What the task asks
Look through the entries below and copy exactly the part that begins with the line containing "Efficiency Filtration: MSA3" and ends with the line containing "- Em seguida, selecione". Do not copy the pictures.
☆ ☆ ☆
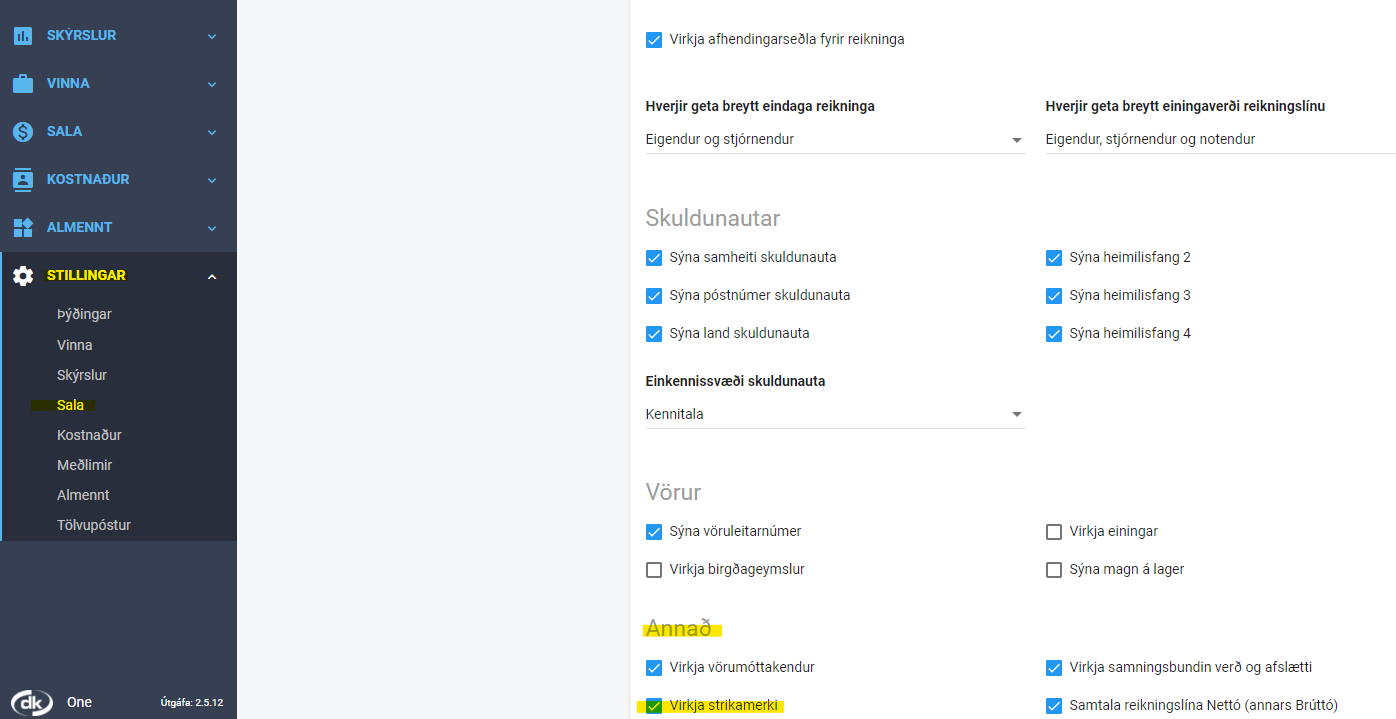 Stillingar > Sala > Haka í "Virkja strikamerki"
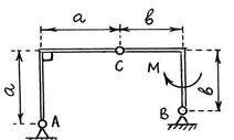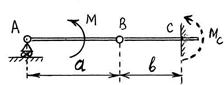 S: Определить момент реактивной пары М С в заделке С составной конструкции, изображённой на рис. и находящейся под действием пары сил с моментом М = 600 (Нм); a = 3 (м), b = 2 (м). (Весом конструкции пренебречь.)
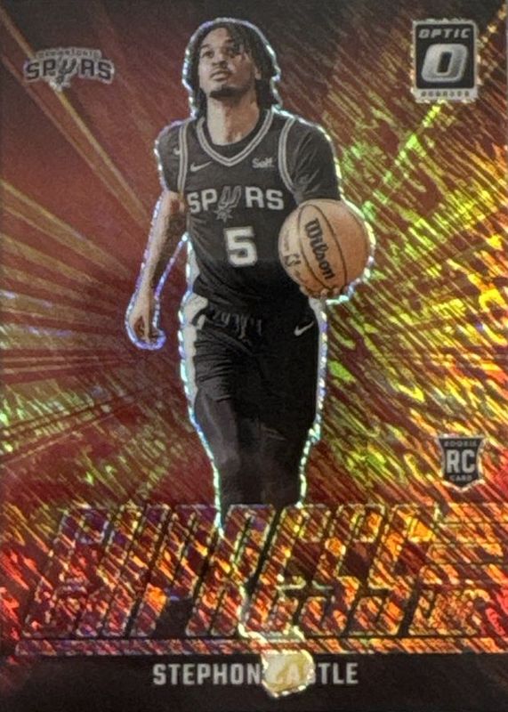 This card is 1 of 220 Stephon Castle's card variations in the 2024 Optic set being tracked by Sports Card Investor, including Base, Blue Velocity, Checkerboard, Choice, and Fast Break.
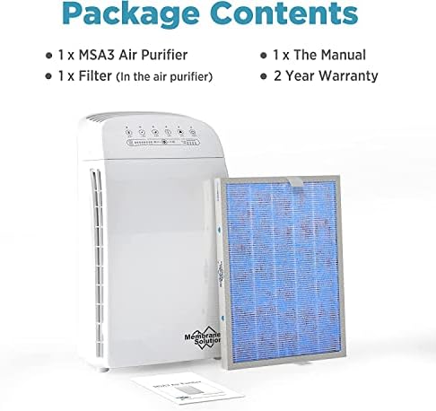 Efficiency Filtration: MSA3 Air Purifier uses H13 True HEPA PP electrostatic electret melt-blown filter. Filters out 99.97% of particles as small as 0.3 microns and air pollution PM 2.5 (particulate matter). Helps to relieve common allergies like sneezing, coughing, and irritated eyes.
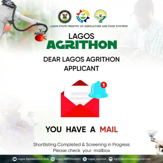 August 11, 2025 – Lagos AgriThon 2025 organisers have announced a crucial update for all applicants. In a message titled “Dear Lagos AgriThon Applicant,” participants were informed that shortlisting has been completed and screening is now in progress.
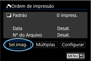 - Em seguida, selecione [Sel.imag.] ou [Múltiplas] para especificar as imagens a imprimir.
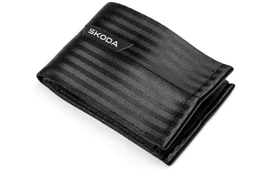 Pánská peněženka vyrobená ručně z recyklovaných autopásů s textilní etiketou s logem Škoda. Materiál je odolný, pevný a omyvatelný. Peněženka je otevíratelná na cvoček. Uvniř má čtyři přihrádky na karty, jednu velkou a druhou menší přihrádku na bankovky a kapsičku na mince na zip.
☆ ☆ ☆
Response
 Efficiency Filtration: MSA3 Air Purifier uses H13 True HEPA PP electrostatic electret melt-blown filter. Filters out 99.97% of particles as small as 0.3 microns and air pollution PM 2.5 (particulate matter). Helps to relieve common allergies like sneezing, coughing, and irritated eyes.
 August 11, 2025 – Lagos AgriThon 2025 organisers have announced a crucial update for all applicants. In a message titled “Dear Lagos AgriThon Applicant,” participants were informed that shortlisting has been completed and screening is now in progress.
 - Em seguida, selecione [Sel.imag.] ou [Múltiplas] para especificar as imagens a imprimir.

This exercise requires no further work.